Я знаю подобные семьи, старательно строившие толстые стены между своими жизнями и окружающей реальностью. Я уехал еще из СССР, давно, в 1987 году, но периодически приезжал в Россию — до 2018 года. Когда-то я был интеллигентным человеком, а не инвестиционным банкиром, заканчивал филфак МГУ. Один из мои друзей, соученик по филфаку, — специалист по итальянской мемуаристике XVII века. Его замечательная жена — знаток творчества Анни Жирардо, такая достаточно узкая, но очень нужная специализация. Они жили, как множество семей, в своем, отдельном от страны мире: ставили домашние спектакли, делали к ним костюмы, писали тексты — прекрасная аквариумная жизнь. Когда в 2022 году Путин начал войну, они вспомнили, что их сыну почти 17 лет. Они-то, может, в аквариуме еще и доживут, но вот сын через полтора года будет юношей призывного возраста, и кто его знает, что случится. В романе есть фраза: «Война началась в телевизоре. Потом танки скатились с голубого экрана и въехали в наши квартиры. Вместе с войной».

— Но, в принципе, насколько вы в курсе российской действительности, повестки?

— Не могу сказать, что в курсе российской повестки, поскольку я там не живу и как россиянин никогда не жил. Но из-за того, что последние два с половиной года я вовлечен в общественную деятельность (не волею судеб, а волею моих друзей — Григория Чхартишвили, Михаила Барышникова и Сергея Гуриева; как человек, наиболее некомпетентный в этой области, я являюсь управляющим директором британской общественной организации «Настоящая Россия»), то, естественно, познакомился с той стратой российского общества, которая называет себя «релокация». Вот ее я более-менее знаю: после начала войны появилось колоссальное количество организаций, основанных российскими релокантами, занимающихся помощью украинским беженцам как вне Украины, так и внутри нее. Я, безусловно, хуже знаю жизнь внутри России. Но «российские» персонажи моего последнего романа — это, конечно, собирательные образы. А вот из тех, кого герои встречают, уехав из страны, — да, там были реальные прототипы.

— Грузинские выглядят особенно выпукло.

— В Тбилиси я познакомился с двумя парнями из Москвы, медиаменеджерами.
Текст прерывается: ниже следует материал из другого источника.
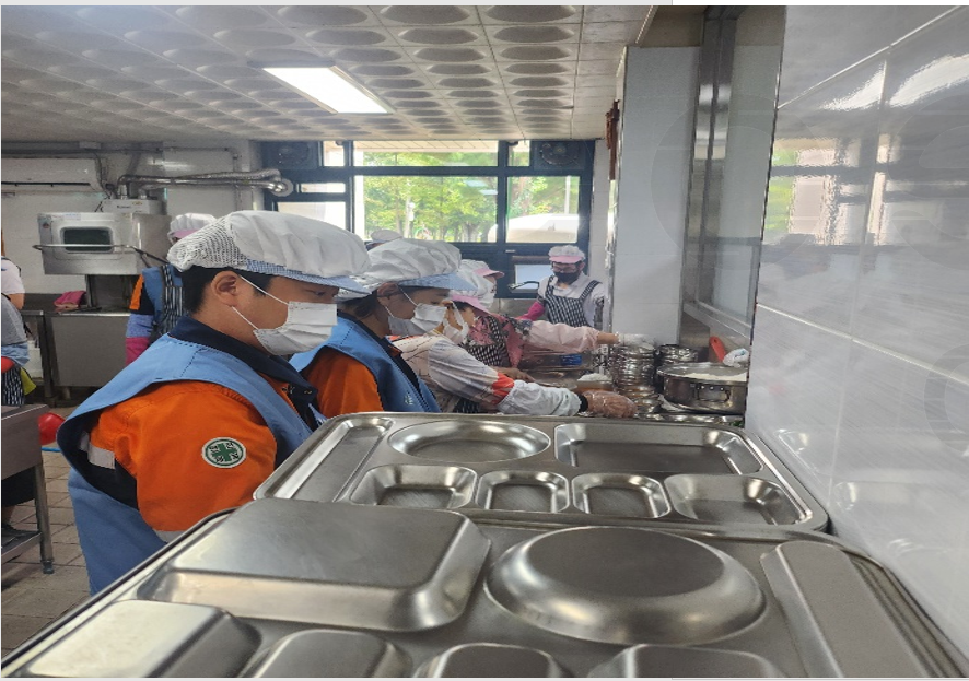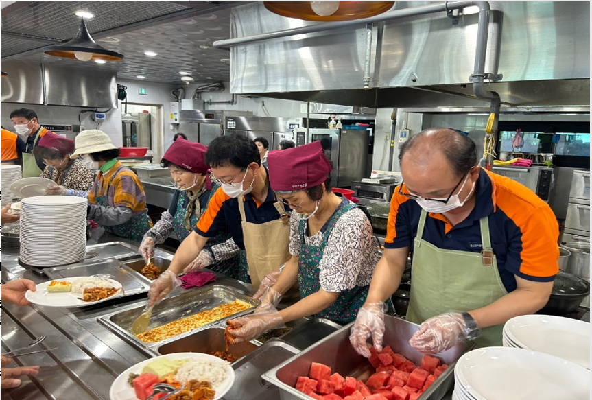 복지관 봉사활동은 매월 직원들이 방문해 식당 배식활동을 복지관 직원분들과 함께 하고 있습니다. 직원들은 주방에서 점심 급식에 필요한 음식을 준비하고 식사하러 복지관에 오신 분들께 점심 배식 활동과 식사 후 정리 정돈을 하였습니다.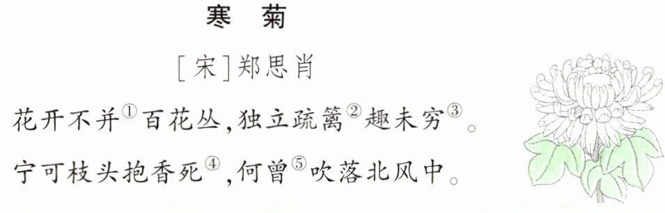 “花开不并百花丛”写出了菊花__________的节操;“独立疏篱趣未穷”写出了菊花__________的心境;诗人借助颇富口语气息的“宁可”“何曾”两个词语,写出了菊花__________的气节。

Он меня научили термину «барная тусовка». Прожженные ребята, циники: «Знаете, Олег, мы ждали, пока эти старые уроды передохнут, а мы у их сынков перехватим инициативу. Сынки ничего делать не могут, кроме как делить бабло. А мы построим нормальную страну. В это время мы строили бизнес, мы зарабатывали деньги, мы развлекались: бары, клубы, девочки, катание на лыжах зимой, на скутерах летом — всё замечательно. И ждали. И вот дождались. Пока мы гонялись на скутерах, они нас перегнали». В первые месяцы после релокации эти парни каждый день кормили в Тбилиси 6000 украинских беженцев.

Граждане России, проживающие в Грузии, протестуют против российского вторжения в Украину, Тбилиси, Грузия, 26 ноября 2022 года. Фото: Zurab Kurtsikidze / EPA-EFE

— Правильно ли я понимаю, что одна из основных проблем, описанных в книге, — то, что большинство россиян социально индифферентны. И этот нарратив — «я вне политики» — в итоге привел к трагедии, которую мы сейчас переживаем.

— Да, вы совершенно правы. Среди советской интеллигенции (а российская интеллигенция это унаследовала) существовала большая часть людей, которая построила свою отдельную жизнь. Ушла в то, что казалось пропагандистским клише, — внутреннюю эмиграцию: «”Эти” правят. “Они” начали войну в Афганистане. Мы-то понимаем, что это ужасно. Но живем своей жизнью. У нас есть литература, кино. Мы создаем научные открытия», — и тому подобное. Это был огромный пузырь, и обложка «Покаянных дней» только подчеркивает мысль: на ней изображен аквариум, внутри которого находится уютная комната, и всё это пошло трещинами. Что сделала война (и за что в какой-то степени мы должны быть признательны путинскому режиму)? Она разбила этот аквариум. Какие-то люди до сих пор пытаются жить, закрыв глаза: «не всё так однозначно», «ничего особенного не происходит», «всегда это бывает, посмотрите на Америку» — вот их постулаты. Но большинству думающих людей война не оставила выхода. Интеллигенция для меня — я согласен с Александром Исаевичем Солженицыным — это не образованщина. Это люди, которые активно чувствуют свою ответственность за социум, в котором они живут. Уехало более полутора миллионов человек. Из них половина вернулась, потому что Запад совершил колоссальную ошибку, не дав этим людям условия для легализации, работы и так далее.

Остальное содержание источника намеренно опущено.